R.L Polk tells us that the average length of car ownership in the U.S. is up 24% since 2002. Some 64% of people plan to keep their current car longer because of the recession.
Big 3 Leadership Blind Spot Led to Marketshare Erosion
Motor vehicle production now makes up less than 2% of U.S. gross domestic product versus as much as 5% in the early 1970s when the Japanese began to assemble automobiles here in the U.S.
When Honda began to assemble cars in North America their product quality was not very good...yet, Honda leadership focused on building a quality product. Over time, Honda did just that.
Today, the leadership at Ford Motor is now starting to focus on quality and plans to build market share as consumers perceive the improved styling, design and quality improvements of the Ford brand. Specifically, Ford expects to claim 25% of the expected marketshare losses of GM and Chrysler.
Automotive Quality is Important for Two Marketing Reasons
1. People expect "automotive reliability" in new vehicles. That means everyday dependable performance without the disruption of having to return their vehicle to the dealership to correct premature failures of automotive components.
2. Predictable resale value means reasonable leasing fees for consumers.
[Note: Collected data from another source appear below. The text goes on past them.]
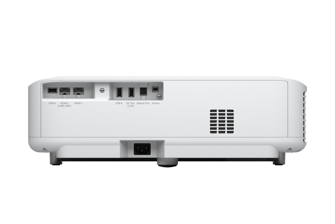 Epson EH-LS650W. Projektorhelligkeit: 3600 ANSI Lumen, Projektionstechnologie: 3LCD, native Auflösung des Projektors: 4K (4096x2400). Typ der Lichtquelle: Laser. Feste Brennweite: 3,7 mm, Zoomverhältnis: 1.25:1, Projektionsverhältnis: 0,25 - 0,62:1. Video-Farbmodi: Kino, Dynamisch, Natürlich/Natur, lebendig. Typ Serviceport: USB Typ-B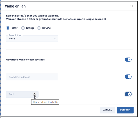 • Port: Here you provide the port of the device sending the Wake-on-LAN call.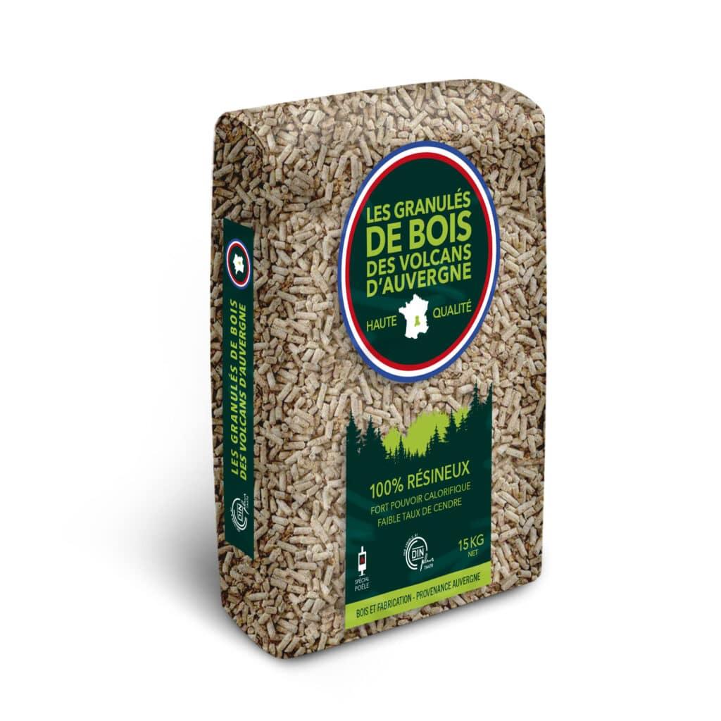 GRANULES DE BOIS 100% RESINEUX VOLCANS D’AUVERGNE DIN PLUS 7A470 - SAC DE 15 KG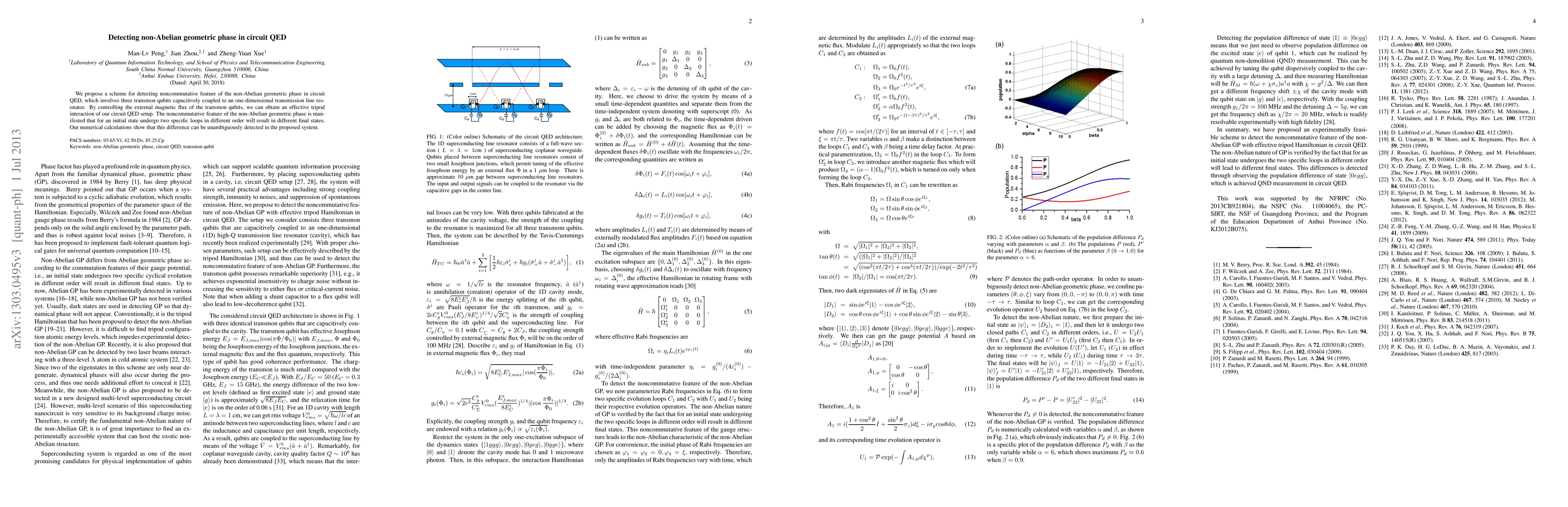 This paper proposes a method to detect non-Abelian geometric phase in circuit QED using three capacitively coupled transmon qubits. By manipulating the external magnetic flux, the system exhibits an effective tripod interaction, allowing for the detection of noncommutative features of the phase, which can be verified through numerical calculations.

Over the years, people's expectations are to spend on the average about $300 per month to lease a new automobile over a three year period. However, this expectation can only be met if the automobile holds its resale value when that three years is up.
This year European and Japanese automakers sold more vehicles in the U.S. than Detroit for the first time. That happened because these foreign cars continued to hold their resale value which allowed European and Japanese automakers to offer reasonable leasing fees (meeting consumer expectations) while GM and Chrysler lost marketshare due to their inability to hold resale value---which messed up their ability to finance new automotive leases. For example, my son and his wife this year turned in a leased Cadillac and Chrysler SUV for new leases on a Honda Acura and Audi Hatchback.
As GM and Chrysler shrink, the new big three become Toyota, VW and Ford.
Here in Metro Detroit, the automotive industry is talking about innovation-driven cultures that are imperative in today's globally competitive world. But where are the fearless transitional leaders that can instill the confidence of automotive industry executives to innovate? When will the Lee Iacocca’s of the 1960s and 1970s reappear to overcome the present corporate paralysis? Changing the organization's culture requires recruiting or promoting emerging leaders and helping them get up-to-speed quickly.
Lee Iacocca's career within the automotive industry illustrates how emerging leaders can change corporate cultures to walk the talk of innovation. When the over hyped, oversized and overpriced 1960 Edsel failed in the marketplace, Ford Motor Company needed to listen to new ideas from within the company. The introduction of the 1964 Ford Mustang was an innovative product tuned into customers' call for stylish affordability. Iacocca went on to become president of the struggling Chrysler Corporation where his streamlining measures and new product innovations, including the first innovative front-wheel drive Dodge Caravan minivan, made the difference between failure and success.
When an industry or company is restructuring to survive in the global economy, executives are all driven by the fear of not surviving the transitional period and this fear can adversely affect their decision-making abilities. The turnaround won’t be complete until the fear of failure is confronted in the minds of the executive survivors.
After a corporate restructuring, it is important to provide newly recruited or promoted executives with access to inside mentors and outside executive coaches who can help their perceptions to evolve. Executives often leave a coaching session feeling calmer, stronger, safer and more able to manage within their corporate culture. With every mentoring or coaching session, the executive learns to self-coach—reducing the dependency on the coach. The executive’s leadership capacity grows and becomes a natural part of the self, like knowing how to ride a bike or tie one’s shoes.
Executives are then ready to guide the cultural transition by instilling confidence in each employee's ability to meet and overcome workplace challenges. Confidence precedes competence. Each employee must first believe he or she can succeed by developing a winning attitude reinforced by skill-building practice.